In a vector processing unit, a vector register undergoing the first readout operation is simultaneously subjected to the second reading operation. The data obtained by the first readout operation and the data obtained by the second readout operation are respectively sent to separate resources executing different instructions.

Description

CROSS-REFERENCE TO THE RELATED APPLICATIONS
This application relates to subject matter described in U.S. application Ser. No. 453,094 filed Dec. 27, 1982, now U.S. Pat. No. 4,617,625, entitled "VECTOR PROCESSOR" by Shigeo Nagashima, Hitoshi Abe and Yasuhiko Hatakeyama and assigned to the present assignee.
BACKGROUND OF THE INVENTION
The present invention relates to a vector processing unit.
For computing a large-sized matrix which frequently appears in the scientic calculation, a vector processing unit having a plurality of vector registers and a plurality of arithmetic and logic units (ALU's) was disclosed, for example, in a literature of Richard M. Russel, "The Cray-1 Computer System" in Communications of the ACM, January 1978, Vol. 21, No. 1, p.p. 63-72. In such a vector processing unit, the data stored in a vector register can be read out with one vector instruction while data is being written into the vector register with another vector instruction, and in such case, these two vector instructions are referred to as being chained.
In such a vector processing unit, one of the factors determining the vector processing time is the number of chains attained. The number of chains depends upon the conflict situation occurring between vector registers, between ALU's, and between memory requesters. An example of such a vector processing unit will now be described. In this example, the ALU has one adder, one multiplier and three memory requesters. Hereafter, the vector register is referred to as a VR and the ALU and the memory requester are referred to simply as resources.
EXAMPLE 1
Y.sup.(I) =A.sup.(I) +B.sup.(I) +C.sup.(I) (=1, 2, . . . L)
The time chart of this example is illustrated in FIG. 1. Since there is only one adder for two vector addition instructions, one vector addition instruction must wait until the other vector addition instruction has been completed. Accordingly, the vector addition is conducted in two chain groups. Assuming that each vector has L-elements, the processing time is represented as the sum of (2×L) cycles and the overhead time.
EXAMPLE 2
Y.sup.(I) =A.sup.(I) +(B.sup.(I) ×B.sup.(I)) (I=1, 2, . . . L)
The time chart is illustrated in FIG. 2. The calculation is executed in one chain group. The execution time is approximately L cycles.
EXAMPLE 3
Y.sup.(I) =(A.sup.(I) +B.sup.(I))×B.sup.(I) (I=1, 2, . . . L)

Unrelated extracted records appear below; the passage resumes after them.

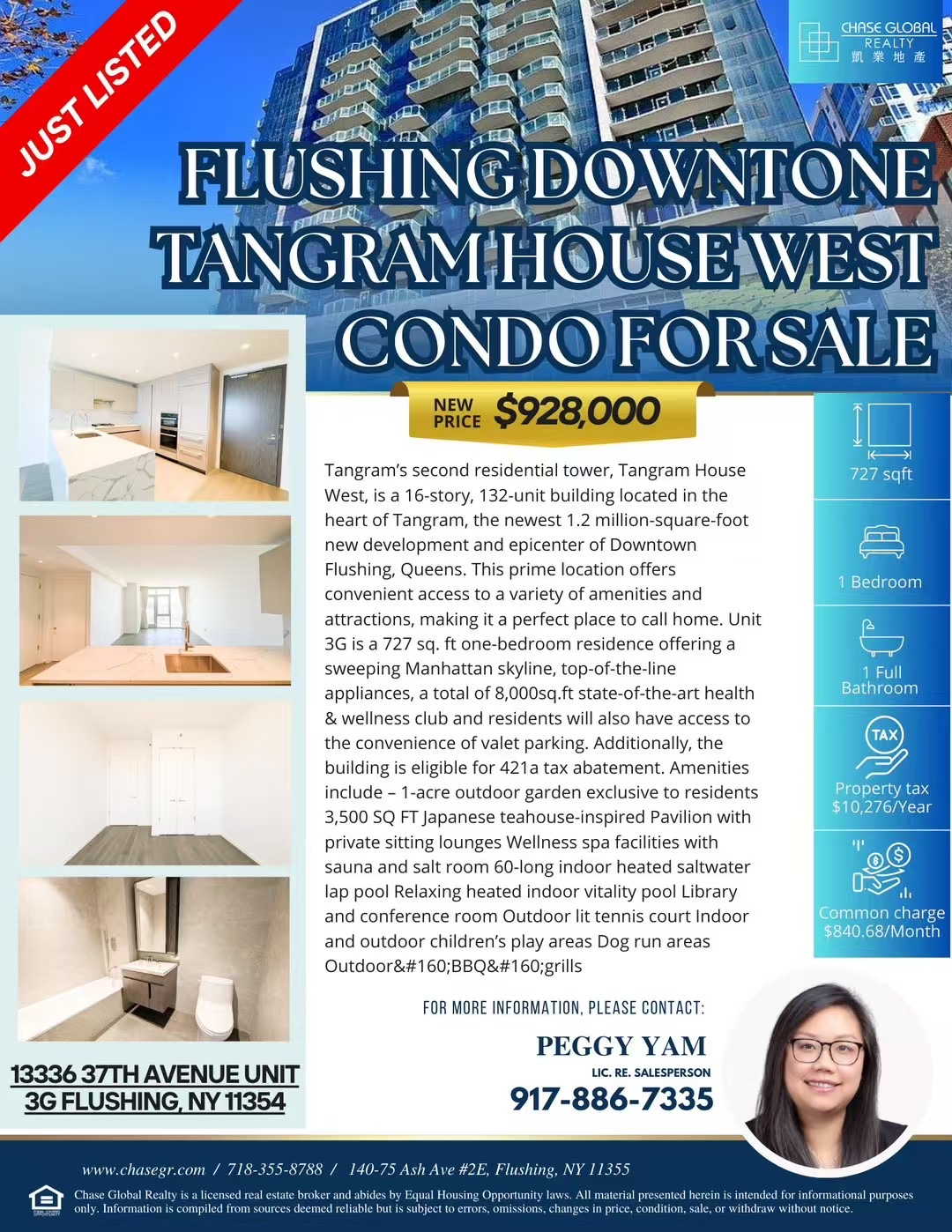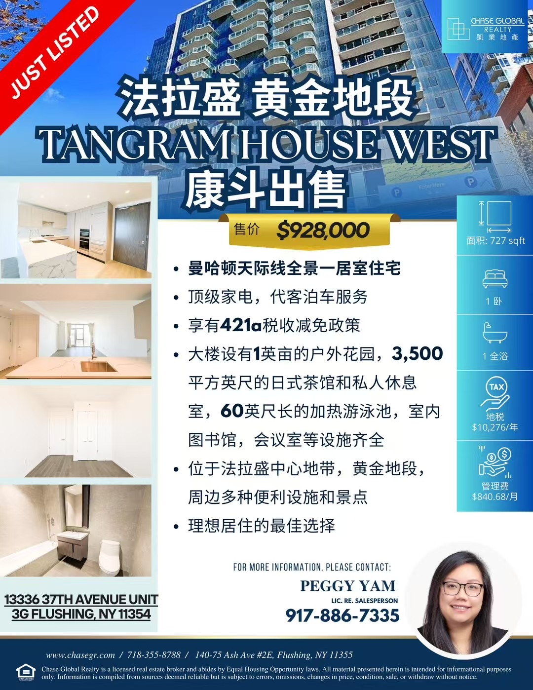 法拉盛重磅推出 | TANGRAM HOUSE WEST 一居室康斗法拉盛黄金地段 🏙️ 曼哈顿天际线全景视野 🌆💰 售价:$928,000✨ 顶级家电配备,享受奢华生活🚗 提供代客泊车服务,生活更便捷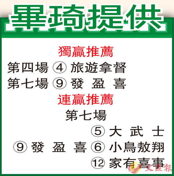 「旅遊拿督」助手彭福公園踱一圈,扣住韁約束沿近欄輕鬆操踱,伸長馬頸展開揚闊步扯韁越行越有氣勢,步大力雄,身茁壯毛色泛現光采,狀態吸引。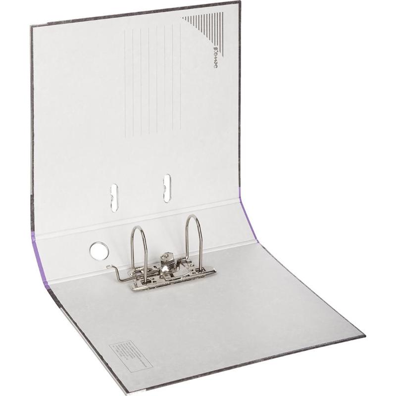 Папка-регистратор с арочным механизмом формата А4 изготовлена из плотного картона, покрытого фактурной бумагой под мрамор, произведенной в Великобритании. Нижние края защищены металлическим кантом. Корешок — бумвинил, фиолетового цвета, ширина корешка 75 мм. На корешке имеется карман со сменной этикеткой и кольцо для захвата. Арочный механизм произведен в Чехии. Папка-регистратор вмещает до 480 листов стандартной плотности.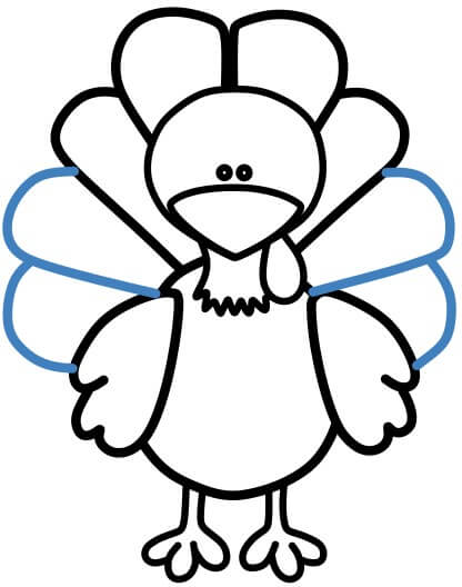 Disegna delle linee curve per le ali del tacchino.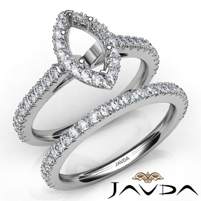 French V Cut Pave Diamond Engagement Ring Marquise Bridal Sets Platinum (1.5Ct. tw.)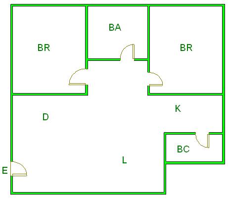▲ E(入口)=entrance BR (洋室)=Bedroom BA (浴室)=Bathroom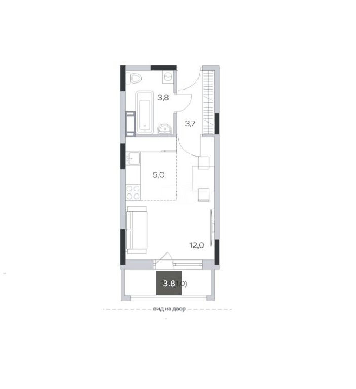 Общая площадь 26 м2, потолки 2,8 м ощущение свободы.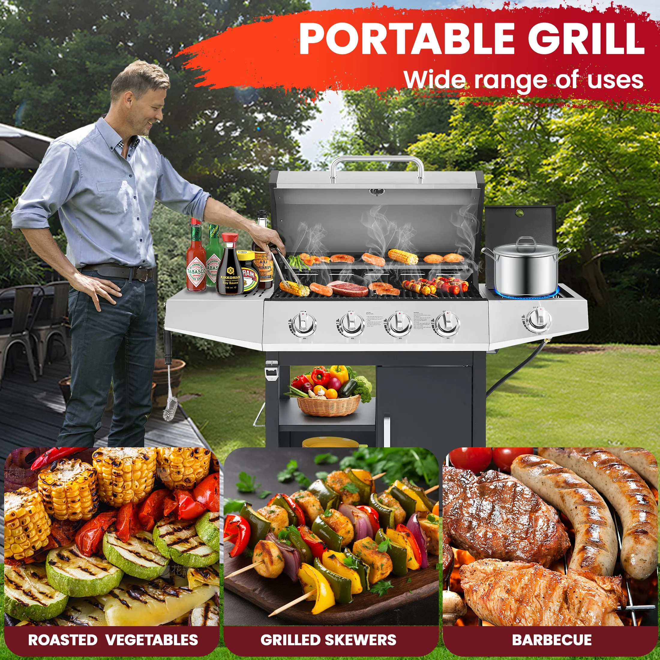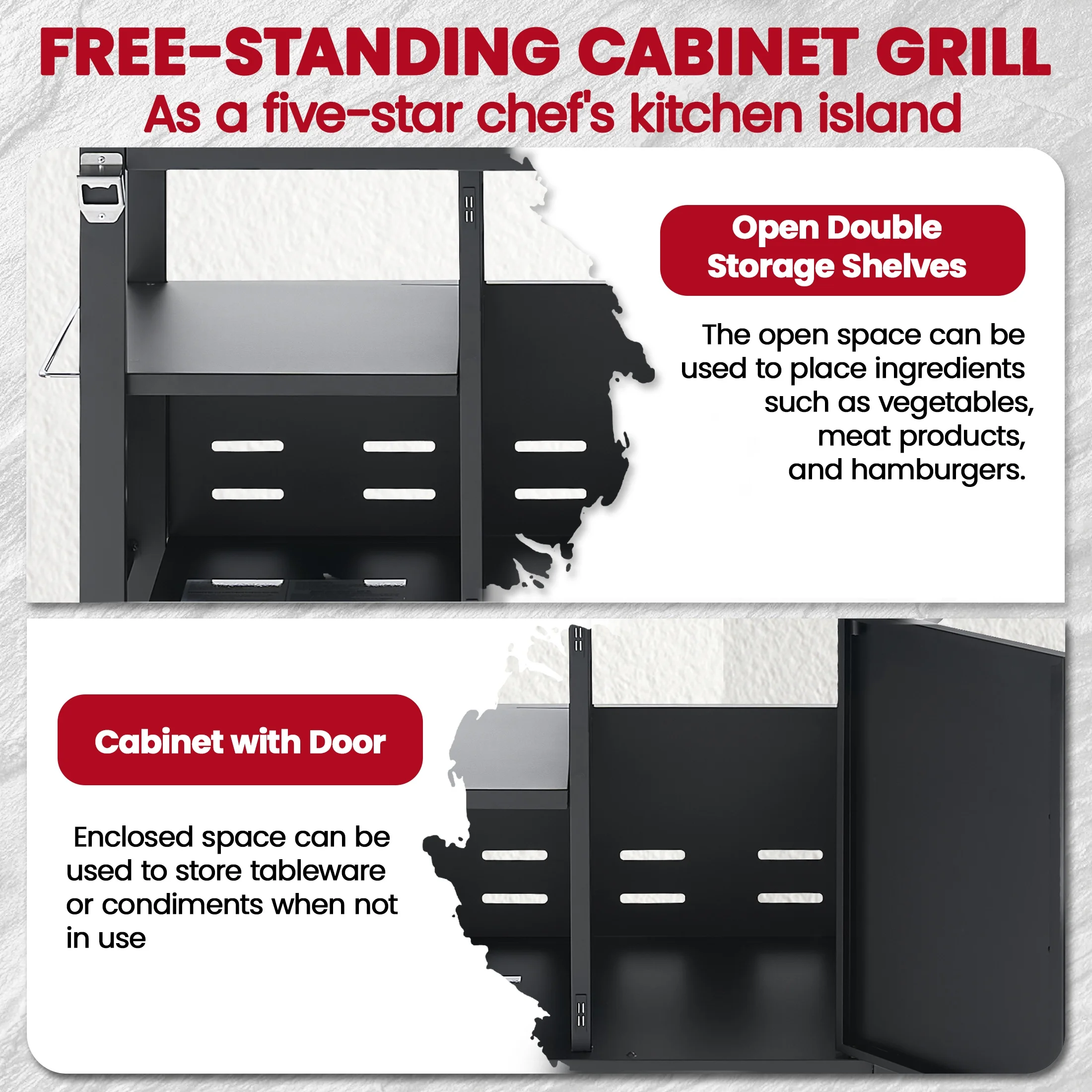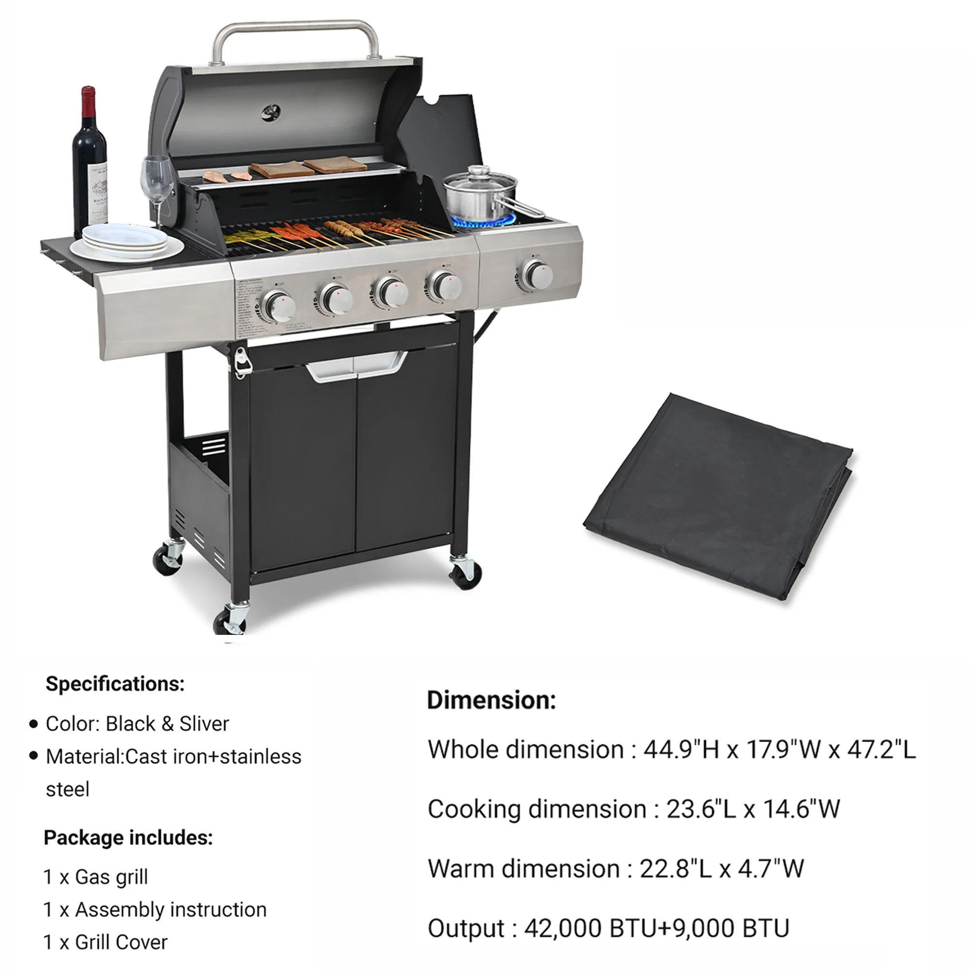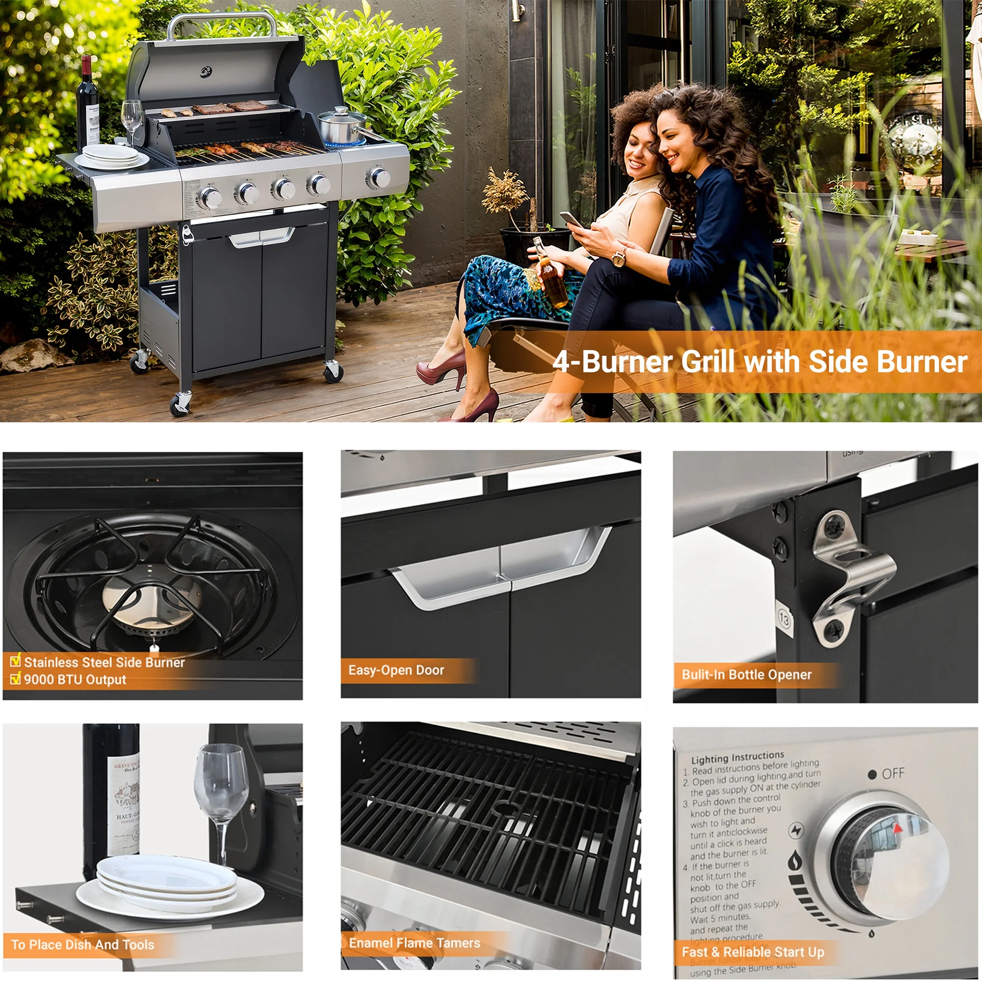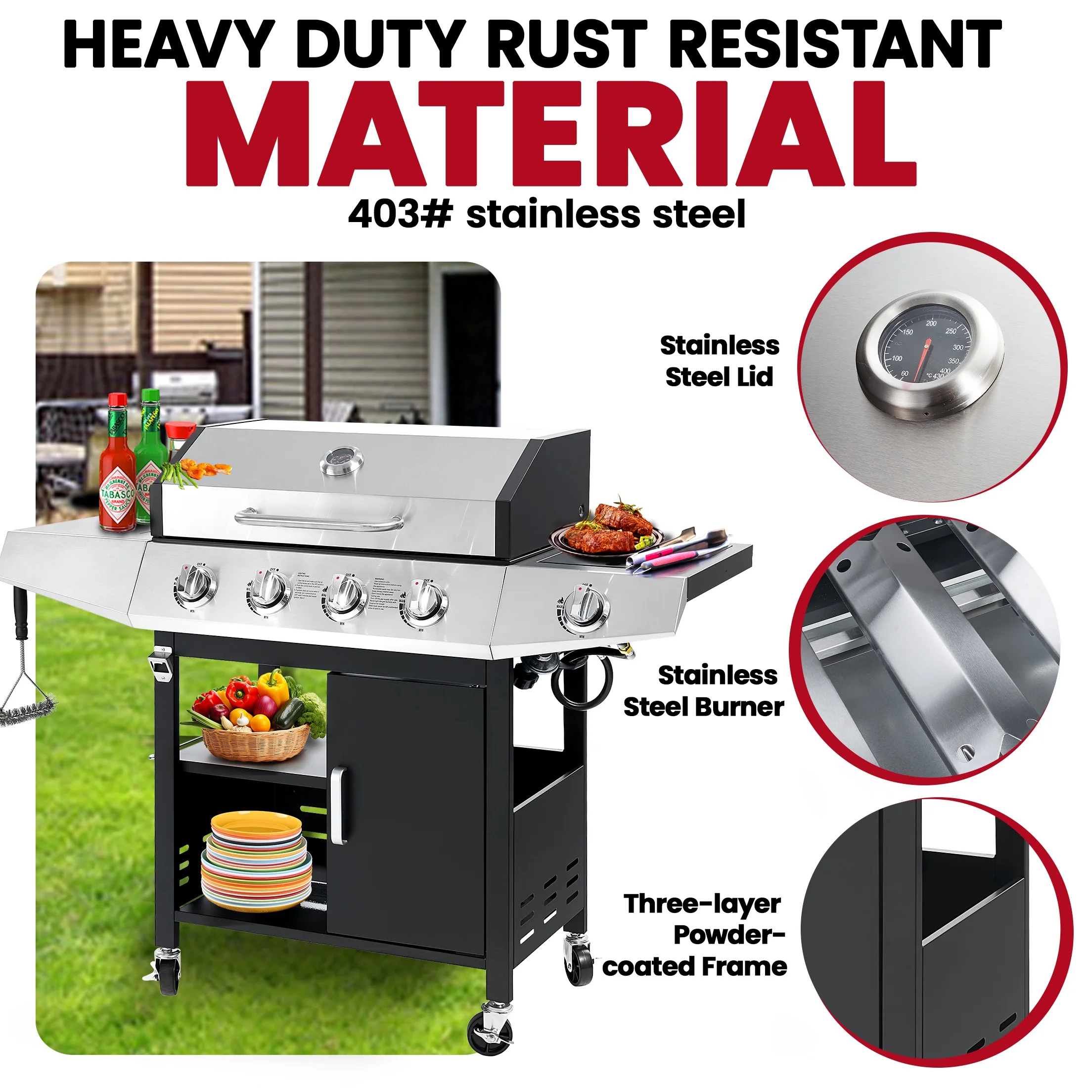- ??[Stainless Steel Construction]: The high-quality stainless steel is massively applied to the durable double-layer lid, cooking grates, flame tamers, burners and cabinet doors, which are built-to-last for long-time use.

The time chart is illustrated in FIG. 3. Since the calculation is executed in two chain groups, approximately (2×L) cycles are required. Although the Example 3 includes two vector loading instructions, one vector adding instruction, one vector multiplying instruction, and one store instruction in the same way as the example 2, it takes twice as long as that of the example 2. The vector adding instruction and the vector multiplying instruction compete in reading data from the register VR1 in which the vector B has been loaded. Accordingly, the multiplication is kept waiting until the addition has been completed. Thus, calculation is carried out in two chain groups, resulting in the prolonged calculation time.
EXAMPLE 4:
Y.sup.(I) =(A.sup.(I) +B.sup.(I))×B.sup.(I) I+B.sup.(I) (=1, 2, . . . L)
The time chart is illustrated in FIG. 4. Since three chains are involved, it takes approximately (3×L) cycles for the calculation to be executed. In the example 4, the addition of the vector B is added to the example 3. The vector multiplying instruction and the succeeding vector adding instruction compete in reading the register VR1. Despite the fact that the adder is free during the second chain group period, the adder cannot be started during that period.
As evident from the above description, in the vector processing unit of the prior art, it is impossible to read the data stored in one VR in parallel or concurrently for sending that data to a plurality of resources. In executing a program in which many vector instructions refer to the contents of a VR as described in the examples 3 and 4, therefore, two or more vector instructions compete in reading the contents of the VR. Since the start of the vector instruction is thus kept waiting, the chain is split into several fractions. As a result, the processing time is prolonged.
SUMMARY OF THE INVENTION
An object of the present invention is to eliminate the above described drawbacks of the prior art.
In accordance with the present invention, the VR undergoing a reading operation is further subjected to the second reading operation in parallel, and data obtained by the first reading operation and data obtained by the second reading operation are respectively sent to separate resources executing different vector instructions, where the second reading operation may include a plurality of operation series whose readout data is sent to respective resources executing different vector instruction.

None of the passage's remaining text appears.